I don't have a whole lot of exciting things to blog about, being stuck at home all day with a newborn. So bare with me as I post about my currently crazy hormones.
I will willingly admit that I am feisty when I am pregnant. Perhaps when I am carrying a girl, and don't have testosterone raging through my body, I will act more like myself. But, with the last two pregnancies and the corresponding male embryos, you had better steer clear of me if you didn't want my opinion on something/everything. Thankfully, I can recognize my fieriness and although I can't exactly change the way I feel, I can at least warn the people around me. Many a nights I cautioned Greg early on that I was ornery and that he should not take it personal, but that he possibly should watch out.
Postpartum, I find my hormones are even more out of whack. I am not so aggressive anymore, but weepy. Weepy might be a gentle way to put it.
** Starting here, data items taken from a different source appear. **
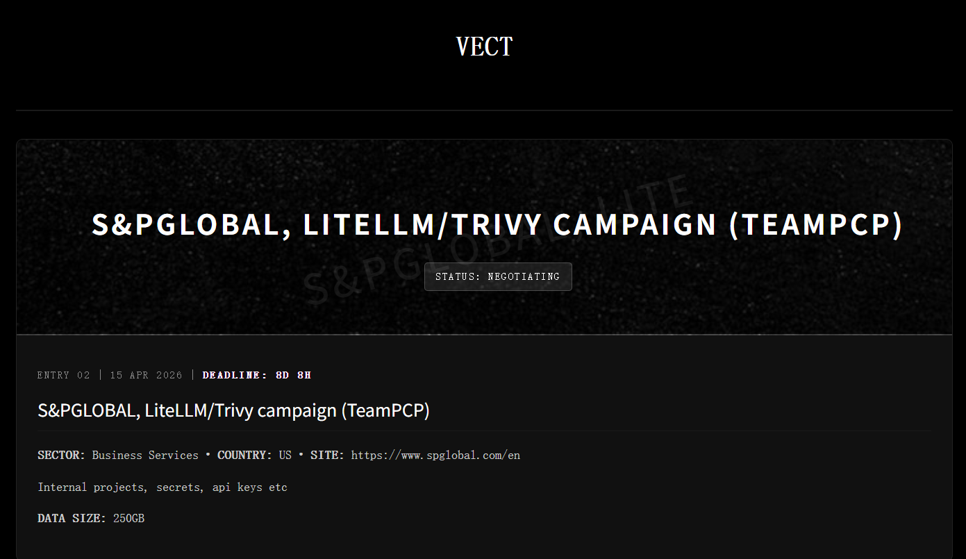 黑客团伙VECT针对美国标普全球(S&P Global)发起LITELLM/TRIVY CAMPAIGN,成功窃取该公司250GB内部机密数据,包含大量内部项目文件、核心机密信息、API密钥等敏感内容,目前处于谈判阶段。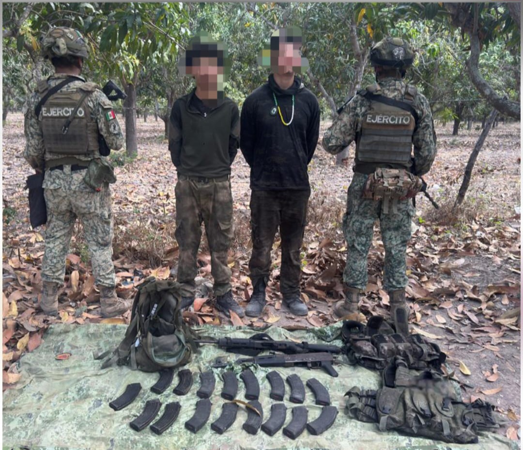 Fue durante reconocimientos terrestres en la cabecera municipal que el personal militar se percató de dos civiles que vestían ropa y chalecos tácticos, además de portar armas largas; estos, al darse cuenta de la presencia de las autoridades, intentaron huir, pero fueron detenidos por los elementos castrenses.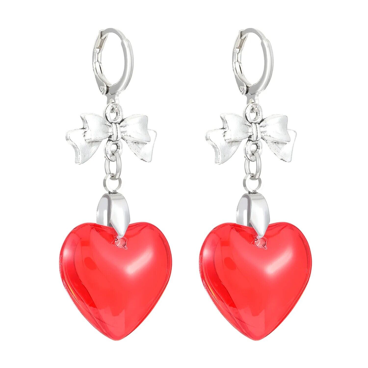 送料無料 ピンククリスタルハートブラブライヤリング 2024 弓イヤリングロマンチックな女の子の女性パーティージュエリー リボン 指輪 AE1277676778648392028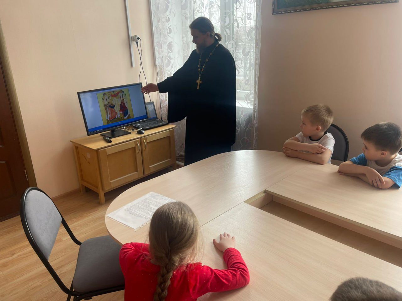 В завершении встречи детям был показан мультфильм о Благовещении Пресвятой Богородицы, созданный Свято-Елисаветинским монастырём.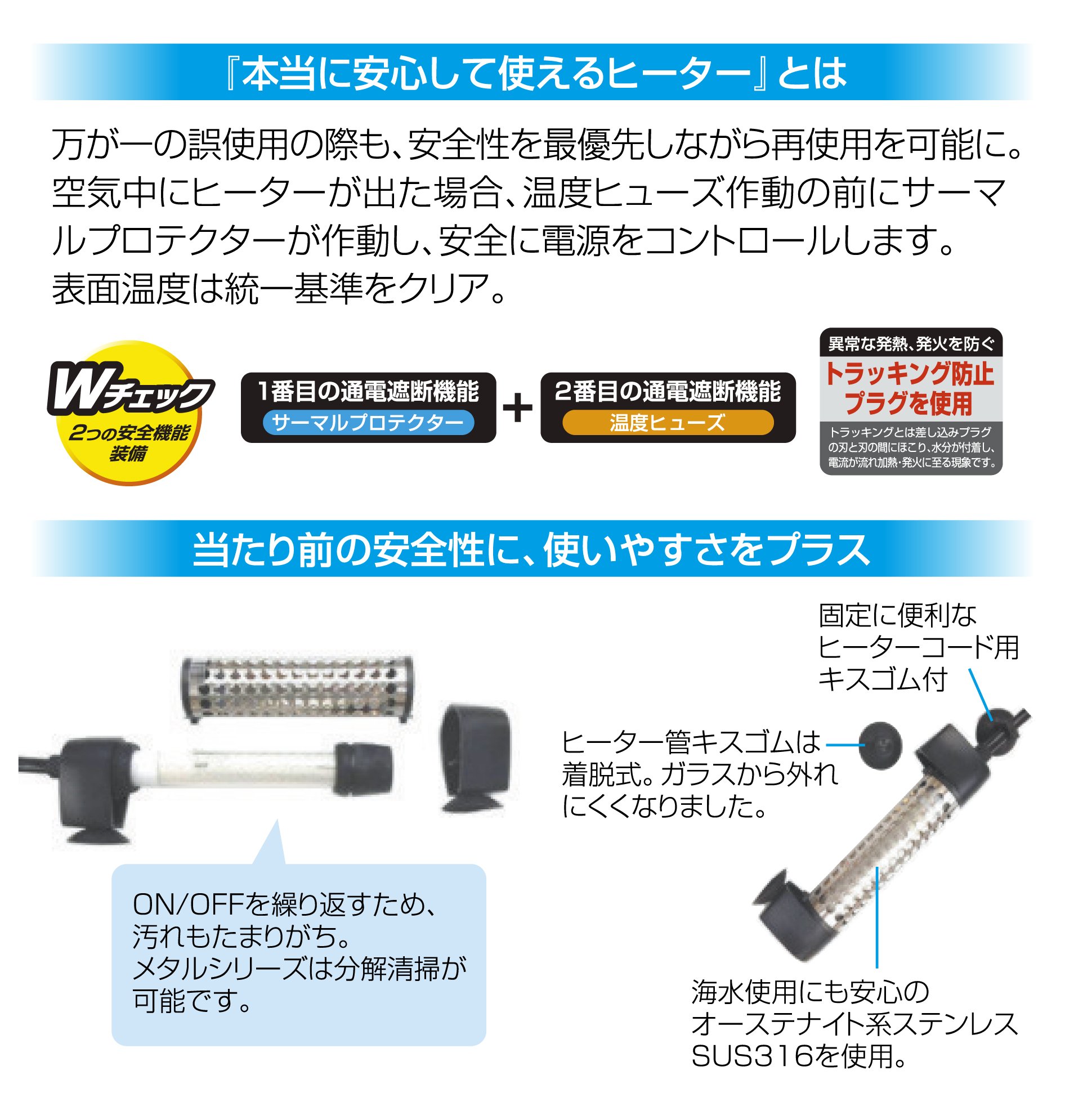Features of the heater · Double blocking function to prevent abnormal heat generation · Tracking prevention plug use · Double kiss rubber to set reliably in the aquarium · With heater cover adopting rust resistant stainless steel <Two safety function equipment> Should be energized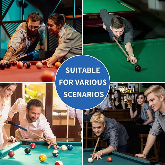 - Exquisite Craftsmanship: Pool cue is made of high-quality North American ash wood, which has been treated with black technology, making it harder than ordinary wood, straighter and less likely to bend.Breaking cue has a high-gloss glossy coating and multiple layers of varnish, which has good solvent resistance, helps protect the wood from moisture and bending, making it easier for players to maintain the cue stick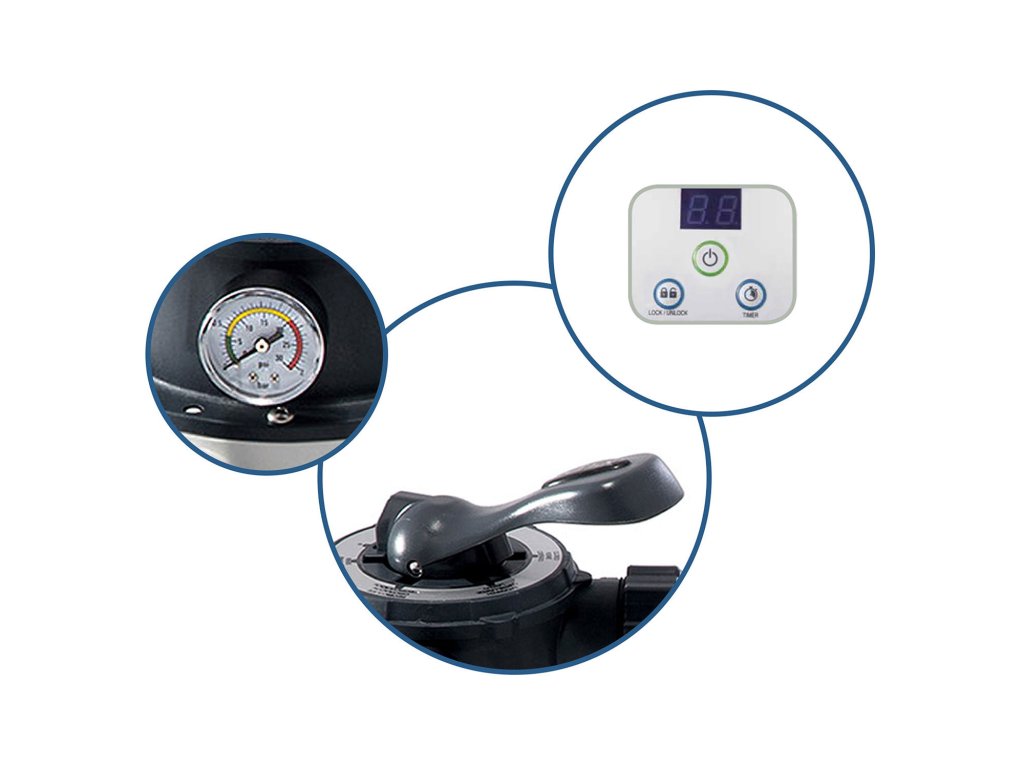 Az Intex homokszűrős szivattyúja képes óránként 5700 liter vizet átszivattyúzni és 12 kg homokot tárolni.

I cry over everything, as in I cried the other night when watching Lois compete in a beauty pageant on Malcolm in the Middle. I cried when I received a very generous gift from a friend. I got teary eyed when we ran into another friend last night and she simply asked how I was doing. I hold back the tears when Brody cries out to be nursed for the fifth time during the night. Now don't go getting all worried; I am not depressed. The tears usually aren't even sad tears, a good part of the time I find myself crying because I am touched by someone's thoughtfulness, and often I just find myself crying for no reason at all.
I'm not really sure which version of me is better, feisty or weepy, but poor Greg, he is in it for the long haul. I have been pregnant or nursing, and thereby not myself, since August 2007 without a break! And, I still have about another year of breastfeeding to go until I can return to my normal, steadily-hormoned self.